**Required work**
An exact copy of all the data, minus the images, is required.

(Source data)
==================================================

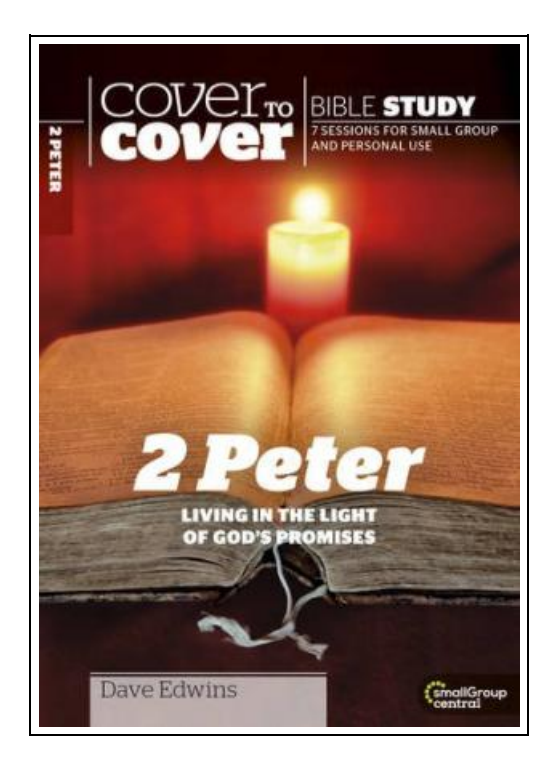
Filesize: 8.98 MB
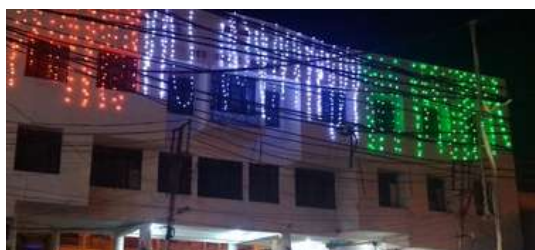
Red cross building illumination on Independence Day at Jammu
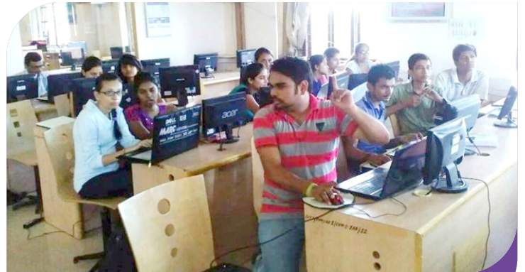
BHGCET Students taking the lead to create a world of better designers
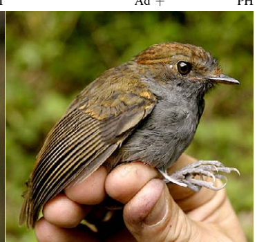
132 Conopophaga ardesiaca Juv JAT
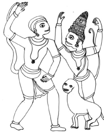
Fig. 9.8 Hanumān and Kālanēmi as Sugrīva, Ontimetta

==================================================

**Result of the task**
Filesize: 8.98 MB
Red cross building illumination on Independence Day at Jammu
BHGCET Students taking the lead to create a world of better designers
132 Conopophaga ardesiaca Juv JAT
Fig. 9.8 Hanumān and Kālanēmi as Sugrīva, Ontimetta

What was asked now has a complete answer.